Common Rules of Inference

Here are some of the most common rules of inference:

  1. Modus Ponens (MP): If P, then Q. P. Therefore, Q.

    • Example: If it rains, then the ground gets wet. It is raining. Therefore, the ground is wet.

  2. Modus Tollens (MT): If P, then Q. Not Q. Therefore, not P.

    • Example: If it rains, then the ground gets wet. The ground is not wet. Therefore, it is not raining.

  3. Hypothetical Syllogism (HS): If P, then Q. If Q, then R. Therefore, if P, then R.

    • Example: If it rains, then the ground gets wet. If the ground gets wet, then the grass grows. Therefore, if it rains, then the grass grows.

  4. Disjunctive Syllogism (DS): P or Q. Not P. Therefore, Q.

    • Example: It is either sunny or cloudy. It is not sunny. Therefore, it is cloudy.

  5. Simplification (Simp): P and Q. Therefore, P.

    • Example: I have a red pen and a blue pen. Therefore, I have a red pen.

  6. Conjunction (Conj): P. Q. Therefore, P and Q.

    • Example: I have a red pen. I have a blue pen. Therefore, I have a red pen and a blue pen.

  7. Addition (Add): P. Therefore, P or Q.

    • Example: I have a red pen. Therefore, I have a red pen or a blue pen.

  8. Resolution (Res): P or Q. Not P or R. Therefore, Q or R.
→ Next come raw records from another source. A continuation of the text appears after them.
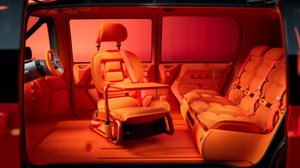 Hành khách được bố trí ngồi phía sau người lái, trên ba ghế có chiều rộng bằng nhau, tất cả đều được trang bị tựa lưng có thể gập lại. Cả ba ghế đều có thể tháo rời và biến thành ghế bành có thể đặt bên ngoài xe để phục vụ các hoạt động ngoài trời.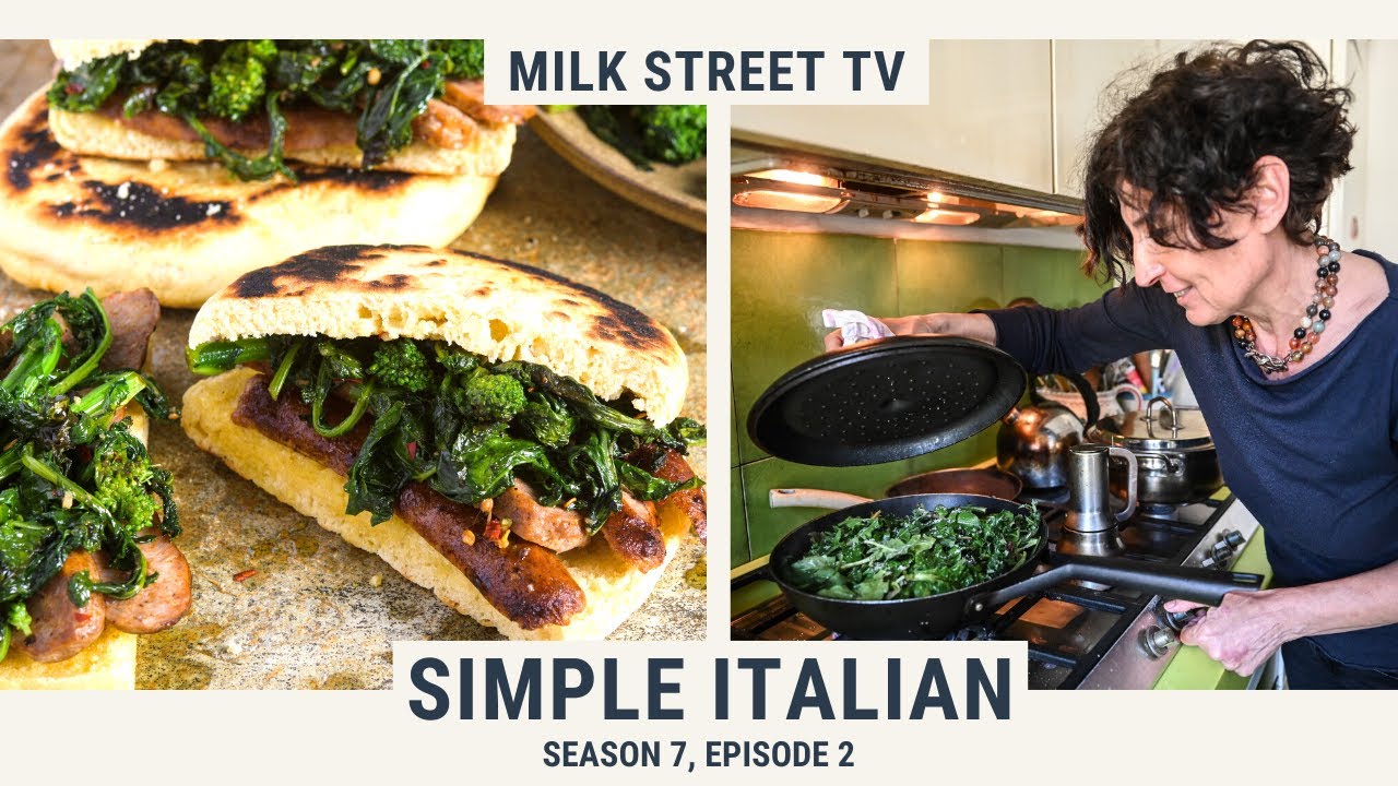 We turn to the rustic side of Italian cuisine as inspiration for this episode. First, Christopher Kimball and Milk Street Cook Erika Bruce assemble Umbrian Flatbreads with Sausage and Broccoli Rabe. Then, Milk Street Cook Rayna Jhaveri makes bright and fresh Pasta with Ricotta, Tomatoes and Herbs, while Milk Street Cook Sam Fore prepares a brothy, hearty Umbrian Lentil Soup.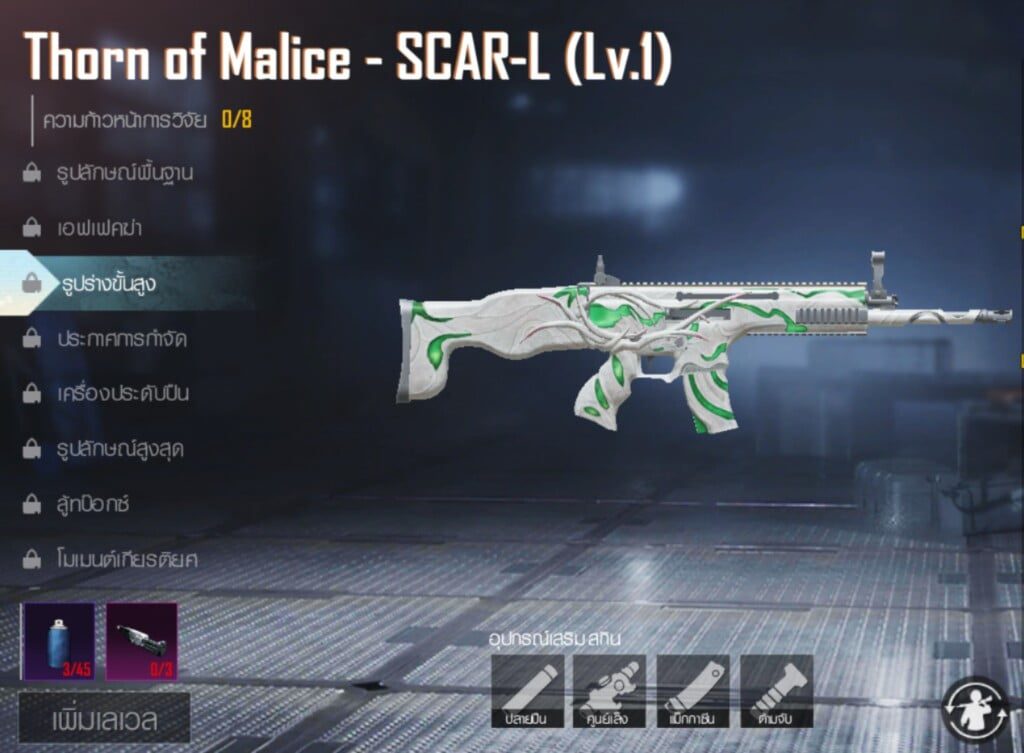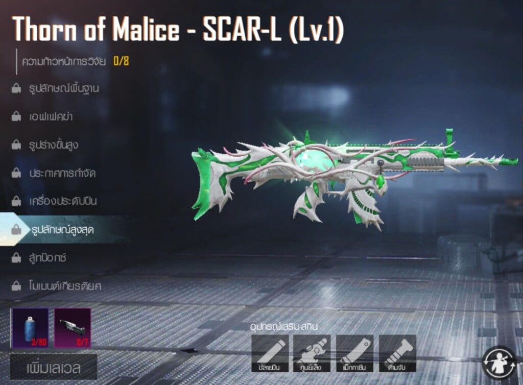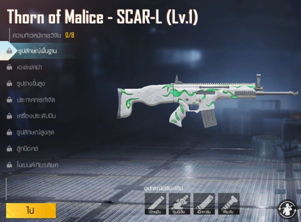 ด้วยความยอดฮิตของตัว SCAR-L ที่เป็นสิ่งที่ผู้เล่นเลือกที่จะหยิบใช้ในเกือบทุกเกม ด้วยความคลาสสิค ความครบเครื่องทั้งพลังทำลายล้าง ความนิ่ง และไม่จำเป็นต้องใช้ทักษะการเล่นมากมาย และถ้าหากใครมีสกิน THORN OF MALICE – SCAR-L บอกเลยว่าโดดเด่นไม่แพ้ใครแน่นอน
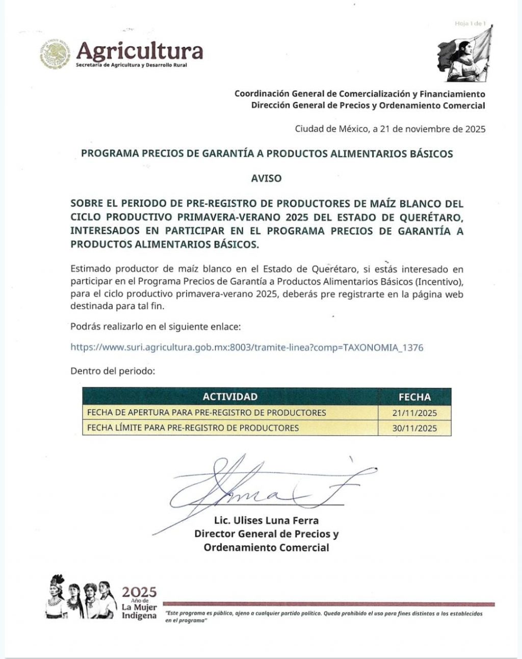 La Secretaría de Agricultura y Desarrollo Rural (SADER) emitió un aviso federal dirigido específicamente a productores de maíz blanco del Estado de Querétaro, informando que ya está habilitado el periodo de pre-registro para integrarse al Programa Precios de Garantía a Productos Alimentarios Básicos (Incentivo Maíz Blanco).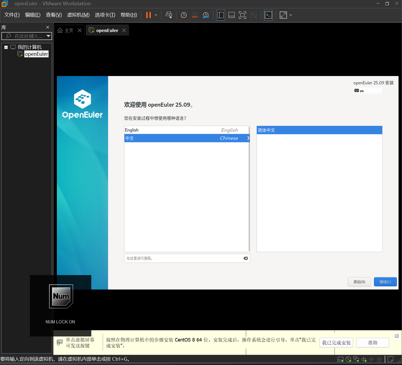 虚拟机已经配置完成,接下来就是配置openEuler操作系统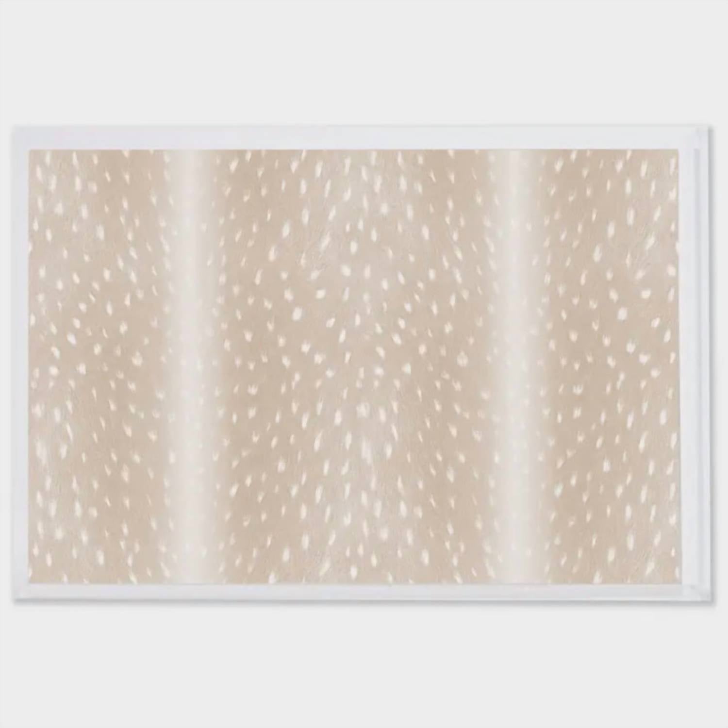 Introducing the Small Tray by Tart By Taylor, a charming addition to your serveware collection in a sophisticated fawn hue. Crafted with care, this piece is handmade from durable acrylic, measuring 6.5 inches long, 9.5 inches wide, and 1.5 inches high. Proudly made in Dallas, Texas, it is both stylish and functional. To maintain its beauty, simply use a soft damp cloth to clean and keep it indoors.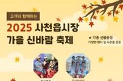 [ 중앙뉴스미디어 ] 사천시는 오는 16일 사천읍시장 공영주차장(특설무대)에서 ‘제15회 사천읍시장 가을 신바람 축제’를 개최한다고 14일 밝혔다. 사천읍시장 상인회 주최로 개최되는 이번 축제는 사천읍시장을 대내외적으로 홍보하는 것은 물론 상인과 고객이 한자리에 모여 축제를 즐기고 소통하기 위해 마련됐다. 이날 행사는 오후 6시 개막식을 시작으로 고고장구(문아카데미)의 역동적인 공연과 함께 황혜림, 채수빈, 김유화, 빅맨싱어즈(팝페라), 오드리걸즈 등 초청 가수들의 신나는 공연이 펼쳐진다. 또한, 사천읍시장의 대표 먹거리인 국수를 소재로 한 국수 빨리 먹기 대회, 장터 노래자랑 등 시민이 직접 참여할 수 있는 다양한 체험행사도 마련된다. 사천시는 이번 축제를 통해 전통시장 이용 활성화와 지역 상권의 재도약을 기대하고 있다. 박승배 회장은 “많은 시민과 관광객들이 축제에 오셔서 마음껏 즐기다 가시고, 특히 올해 주차 환경 개선사업으로 주차장이 확장되어 시장 이용이 더욱 편리해졌으니, 사천읍시장을 많이 찾아주셨으면 한다”고 말했다. [뉴스출처 : 경상남도사천시]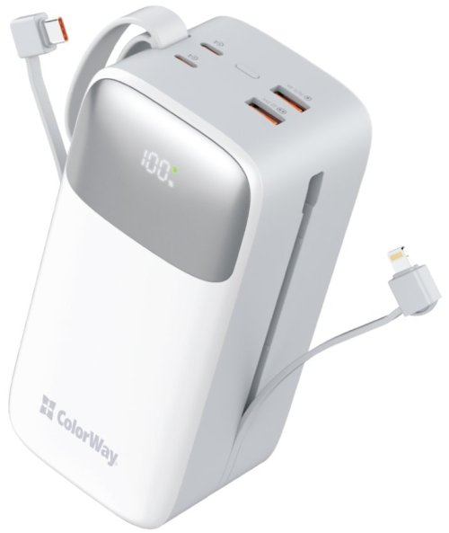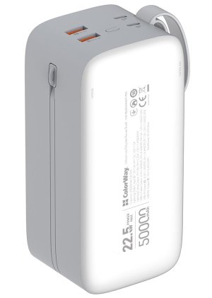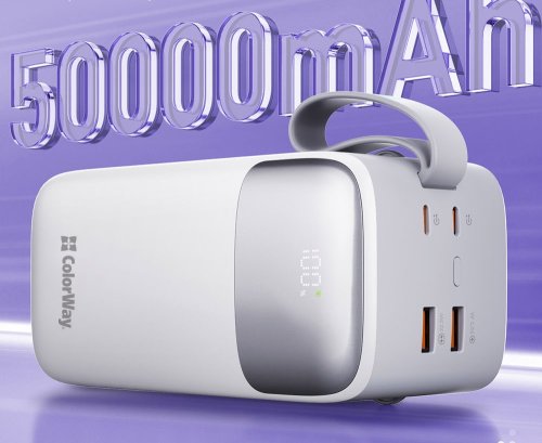 Powerbanka ColorWay CW-PB500LPA4WT-PDD představuje ideální řešení pro napájení mobilní elektroniky na cestách. Vyznačuje se obří kapacitou 50 000 mAh, díky čemuž je vhodná i pro opakované nabíjení zařízení, jako jsou smartphony, tablety, sluchátka, chytré hodinky apod. Podporuje širokou škálu protokolů rychlého napájení – jako například Power Delivery 3.0, Quick Charge, Apple Fast Charge a další. LED displej vám umožní sledovat míru nabití baterie.

    • Example: It is either raining or snowing. It is not raining or it is windy. Therefore, it is snowing or it is windy.

Using Rules of Inference

Rules of inference are used to construct formal proofs. A proof is a sequence of statements, where each statement is either a premise or follows from previous statements using a rule of inference.

Example

Let's prove that if it rains, then the grass grows, given the following premises:

  1. If it rains, then the ground gets wet.
  2. If the ground gets wet, then the grass grows.

Proof:

  1. If it rains, then the ground gets wet. (Premise)
  2. If the ground gets wet, then the grass grows. (Premise)
  3. If it rains, then the grass grows. (Hypothetical Syllogism: 1, 2
By understanding and applying rules of inference, you can construct logical arguments and build valid proofs.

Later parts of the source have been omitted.